Although there is reduced economic risk of an adaptation, some theatre critics insist producers run a moral risk since they can shut out marginalized voices. Once again, my microeconomics professor would say that the externalities, or social effects, of a decision must always be considered. It is true creative teams for adaptations often consist of movie moguls, like Baz Luhrmann and Moulin Rouge!, which makes critics believe there are less opportunities for minority voices. However, look once again at Mean Girls. The writer and lyricist are not straight white men, but instead women accounting for socially relevant issues and diversity. Fey wrote alternative lines to embrace the African American and Latina ethnicity of the former Regina George standby Ashley De La Rosa. In addition, in the original Broadway cast, Gretchen Wieners was not played by a white girl, but instead Ashley Park who is Korean. Producers can ensure marginalized voices are heard by diversifying creative teams and casts. This reduces the moral risk of adaptations and guarantees a huge diverse audience desiring to see representation in mainstream commercial theatre.
Many theatregoers still argue original work can result in greater economic return than an adaptation. Original work can have lower costs or win more awards leading to larger returns for producers. However, Tony Award winning Broadway producer Ken Davenport has blogged that the average run of an adaptation is about double the average run of an original musical.
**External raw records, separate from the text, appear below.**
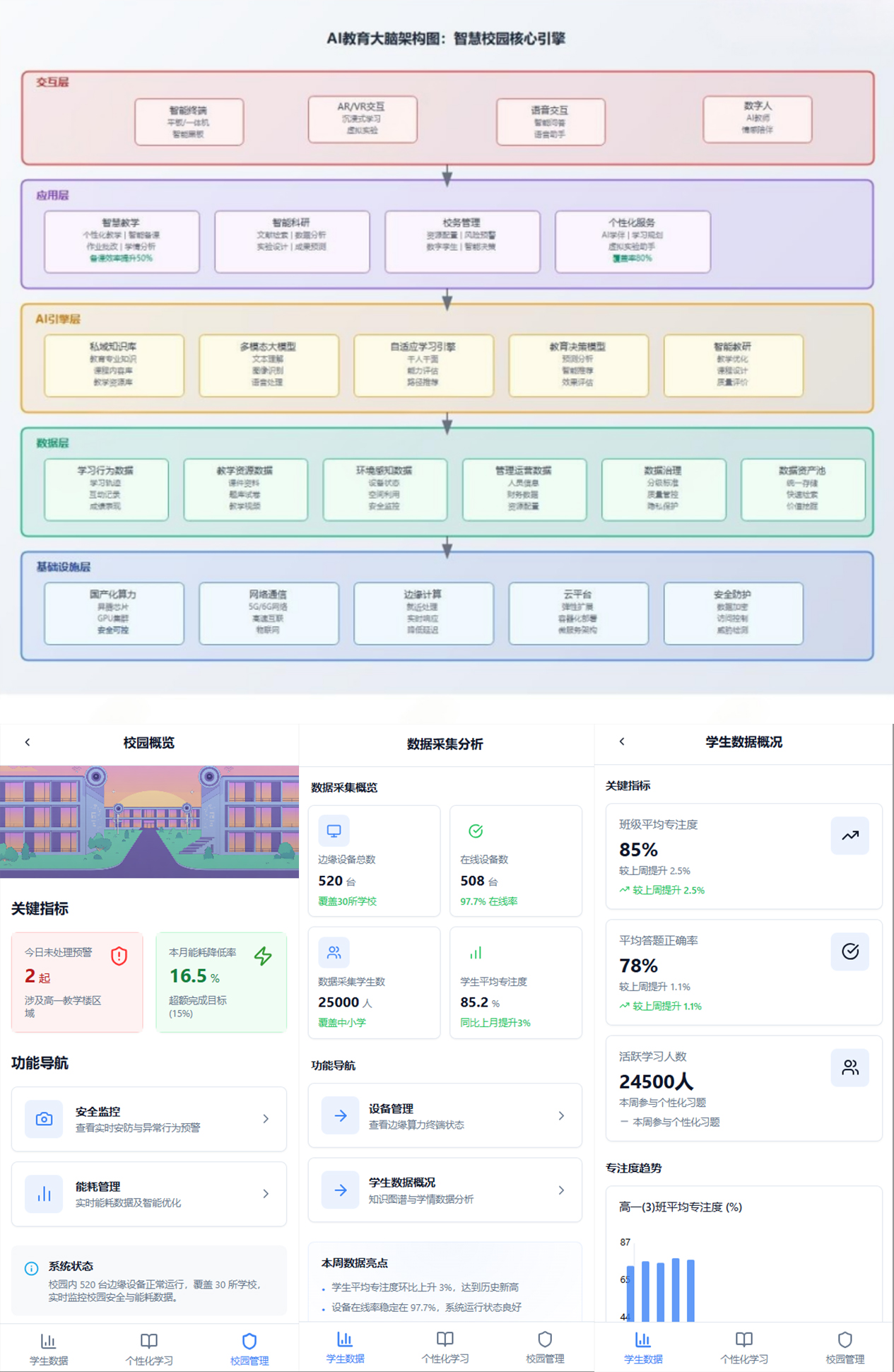 项目以计算能力为基础,保障数据处理的效率;通过边缘部署增强场景的实时响应能力;运用知识图谱提升服务的精准度,全方位实现对教育全链条的智能赋能,为教育数字化转型提供具有可复制性、可推广性的实践方案。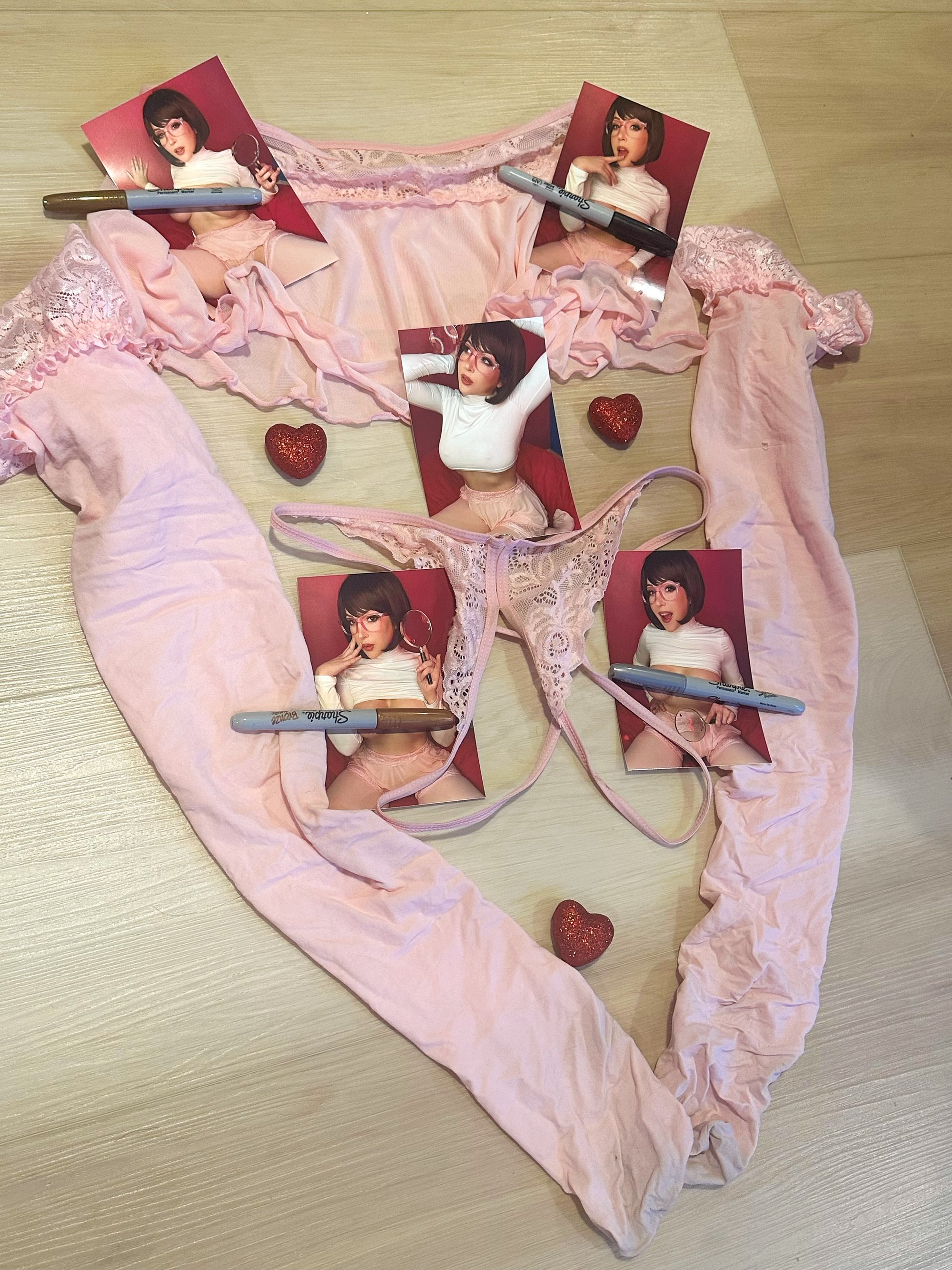 18+ only! Worn two piece lingerie and thigh highs from my Valentine’s Velma photoshoot and video and five signed high res, glossy 4x6s photos. Photos feature t0pless and frontal nudittyy. Please note at checkout if you’d like the photos personalized.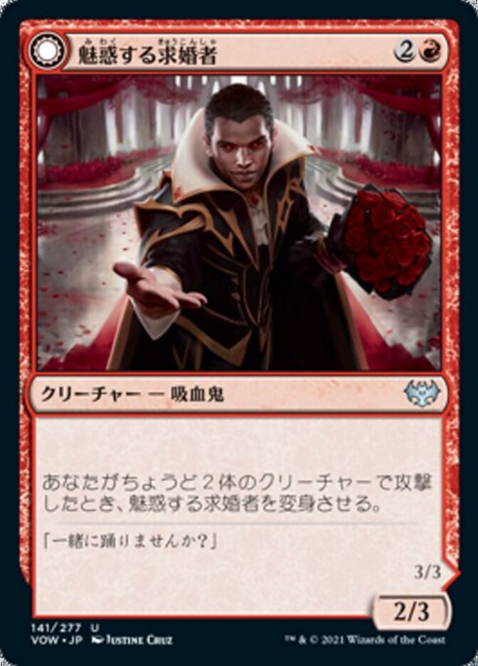 | Rules | When you attack with exactly two creatures, transform Alluring Suitor. // Trample When this creature transforms into Deadly Dancer, add . Until end of turn, you don't lose this mana as steps and phases end. : Deadly Dancer and another target creature each get +1/+0 until end of turn. |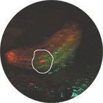 VIFE implant (circled) appears bright orange under blue light. (Photo: Graeme Moss)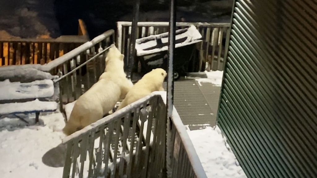 Katso ylhäällä olevalta videolta, miten jääkarhuemo ja poikanen nuuhkivat piha-alueen läpi!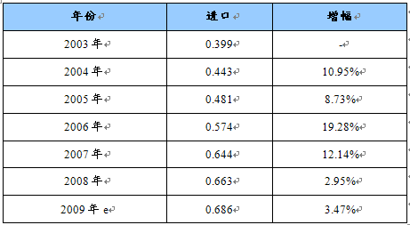 2003-2009年我国直埋预制保温管进口量表 单位:万千米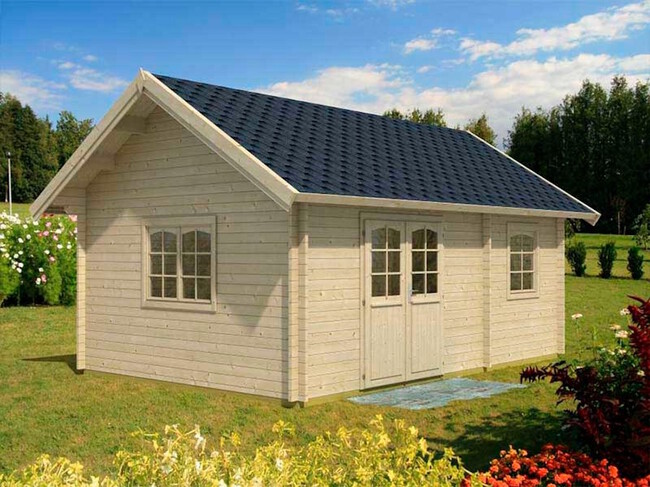 El tejado se compone de unos travesaños tratados que sujetan toda la estructura y de tablas solidas machihembradas. La puerta tiene un marco de madera laminada y la parte inferior se cubre de acero inoxidable para evitar daños generados por los zapatos al entrar y salir. Este modelo incluye gomas y silicona para las puertas y ventanas que aseguran que se cierren bien evitando así entradas de aire y corrientes. Las ventanas son oscilo-batientes y están fabricadas con cristal doble que aísla el interior para mantener la temperatura; además disponen de protección metálica para la lluvia y la parte delantera de la casa tiene un alero de 50 cm para dar sombra en verano y que cuando llueva no salpique el agua en la casa.
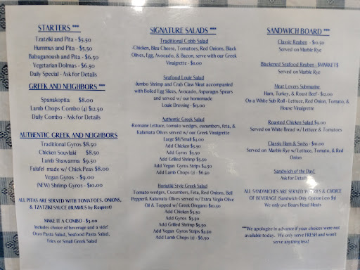 I first became a fan of this restaurant when they showed up with their food truck outside my work at lunch time on NAS JAX. I tried their gyros once, twice with the seafood salad, and a third time again. And then I bought their food again three times afterwards from their restaurantin in Fleming Island. Absolutely consistently great each time. The gyros are so packed with meat and flavors I honestly only eat half of it then and there and save the second half for the next day. Heat it up in the microwave and it's literally as good as it was the first day. Their seafood salad is delicious! Their baklava is a bit wetter than I've had from other places but the flavour is outstanding! I HIGHLY recommend this restaurant. Love them! And the...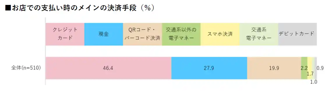 普段お店で支払う際のメインの決済手段は「クレジットカード」が46.4%で最多。「現金」27.9%を大きく上回った。 |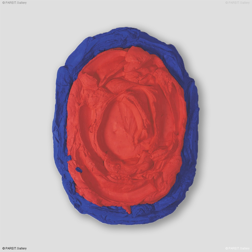 Résine de polyester avec acrylique en rouge et bleu, signé au feutre noir, numéroté 32/100

Also, in the past 30 years, over 83% of winners of the Best Musical Tony Award, the most regarded theatre award, were adaptations. An adaptation will most likely recoup faster than an unknown original work as long as producers ensure a low feasible budget.
What does this mean for Broadway's current situation amongst the pandemic? We may see less expensive sets and special effects, but we will at least have live theatre as the economy works toward its natural rate. This does not at all mean Broadway producers should stop producing original works, by all means they should continue, but instead producers should focus on adaptations when the economy is suffering. As an aspiring producer, I hope to always have an economic and philosophical approach to making decisions shaped by my college education in the social sciences. Our goal in the theatre industry is to produce and enjoy incredible art. We can accomplish this with risk aversion and basic managerial economics. We must ensure Broadway has enough funds to last for not only our lifetimes, but for future generations. Adaptations will keep Broadway marquees lit.